17.1.17

THE IMPORTANCE OF A STATE OF GOOD REPAIR.

Harvard's Larry Summers and Ed Glaeser go around on infrastructure.  There are several good points covered therein.  I wish to highlight one.
I was struck many years ago by the young teacher who approached me in Oakland after as Secretary of the Treasury I gave a speech about the importance of education. She said “Secretary Summers—that was a great speech.  But the paint is chipping off the walls of this school, not off the walls at McDonald’s or the movie theatre. So why should the kids believe this society thinks their education is the most important thing”  I had no good answer.

As with potentially collapsing bridges, prevention is cheaper than cure and in many cases the return on “un-derferring” maintenance far exceeds government borrowing rates.  Borrowing to finance maintenance should not be viewed as incurring a new cost but as shifting from the fast compounding liability of maintenance to the slowly compounding liability of explicit debt.  It should also be noted that inevitably one maintains what has been used, so maintenance investment is much less likely to turn out a white elephant than new infrastructure investment.
There's more to his argument than ribbon cuttings are newsworthy, painting and patching are not.  Sometimes the pressure to bring a project in "under budget" leads to corner-cutting, and that can be as subtle as a cheaper grade of paint or as serious as thinner insulation.

Note, also, sound economics is part of sound policy.  That's whether the infrastructure is the conventional public spending Professors Glaeser and Summers focus on, or private investment in such things as electric transmission lines and capacity improvements on railroads.
There is too much pork barrel and too little cost-benefit analysis in infrastructure decision making.  Projects should be required to pass cost-benefit tests and proposals like a national infrastructure bank that would insulate a larger portion of decision-making from politics should be seriously considered.  Ed Glaeser is right that new infrastructure investment in declining areas is often a terrible idea as declining population means that these areas have if anything too much infrastructure.  And Field of Dreams — “build it and they will come” approaches do not have a very good track record.  Ways should be found to make the costs of procrastination on maintenance more salient and to institutionalize resistance to low-ball cost estimates from advocates of more visionary projects.
Rent-seekers gotta seek rents.  But a Strong Towns post suggests now is an opportunity for new thinking.
Replacing a system of failing, insolvent infrastructure with an identical (but newer) system of failing, insolvent infrastructure not only doesn't solve the underlying math equation, it doesn't scale to the size of our actual national problem.

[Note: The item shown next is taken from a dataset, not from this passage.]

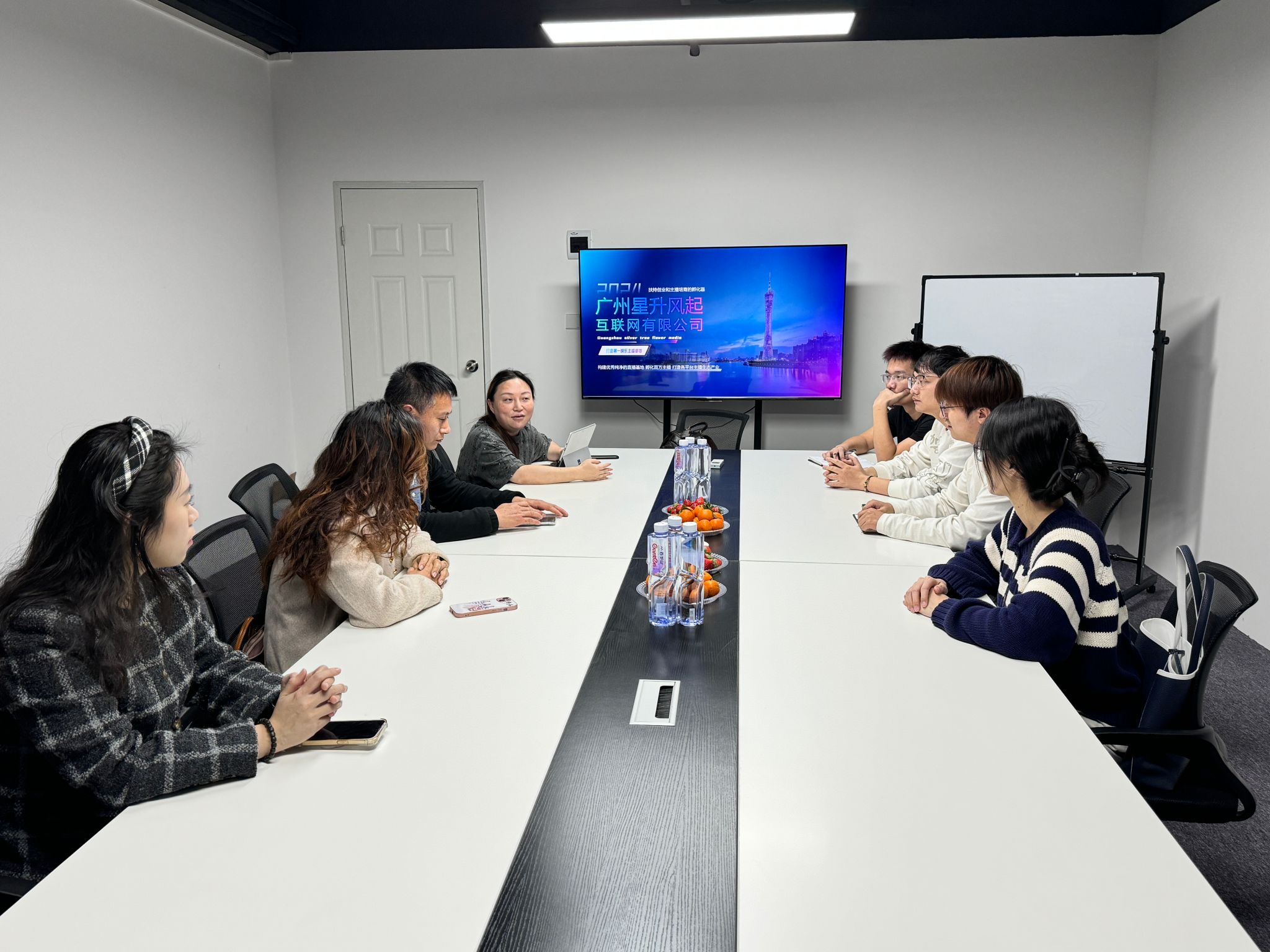 1月3日下午,在凤凰数媒(北京)教育科技有限公司华中区总经理李家文的引荐下,学院副院长朱丽芳带领新闻教研室主任邓雨晴、校企合作专员谭嘉倩、专任教师黄诗琦一行来到广州星升风起互联网有限公司进行访企拓岗促就业交流活动。

We need to think differently.
The scale the post focuses on is Flint, Michigan's water mains, which originally served the dual purposes of supplying fire hydrants and supplying drinking water.

More generally, though, whenever there is talk of spending money on internal improvements, the advocates of Best Practice and the fraternity of Wise Experts are sure to follow.  That might be the worst possible thing, compounding, as it is likely to do, the decisions that brought us to where we are.  "The values of post-war American development are embedded in our current approach -- efficiency over resiliency, large up front expense over ongoing maintenance expense, comprehensive over incremental, one-size-fits-all over tactical -- and they keep us from seeing the opportunities that sit right in front of us."  Perhaps I will have to continue to object to misuses of "efficiency."  Too often, it's misinterpreted as attempting to do more with less, as in the quote.